Ultrasound contrast agent microbubbles are intravascular agents that can be used to estimate blood perfusion. Blood perfusion may be estimated by destroying the bubbles in a vascular bed and observing the refresh of contrast agents back into the vascular bed. Contrast agents can be readily destroyed by traditional imaging techniques. The design of a nondestructive imaging technique is necessary for the accurate quantification of contrast agent refresh.
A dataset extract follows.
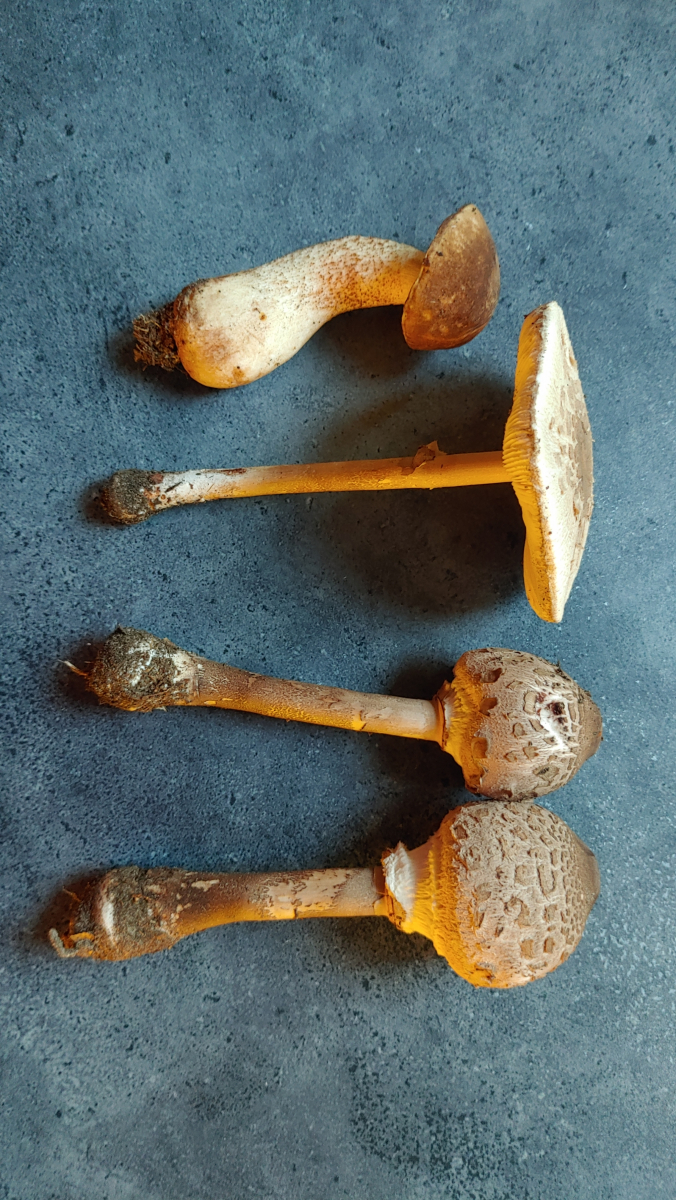 4 Parasole und ein Birkenpilz.

In this work, subharmonic imaging is investigated as a method for nondestructive imaging with the contrast agent microbubble MP1950 (Mallinckrodt, Inc., St. Louis, MO). Optical observation during insonation, in conjunction with a modified Rayleigh-Plesset (R-P) analysis, provides insight into the mechanisms of and parameters required for subharmonic frequency generation. Subharmonic imaging with a transmission frequency that is the same as the resonant frequency of the bubble is shown to require a minimum pressure of insonation that is greater than the experimentally-observed bubble destruction threshold. Subharmonic imaging with a transmission frequency that is twice the resonant frequency of the bubble produces a subharmonic frequency response while minimizing bubble instability. Optimization is performed using optical experimental analysis and R-P analysis.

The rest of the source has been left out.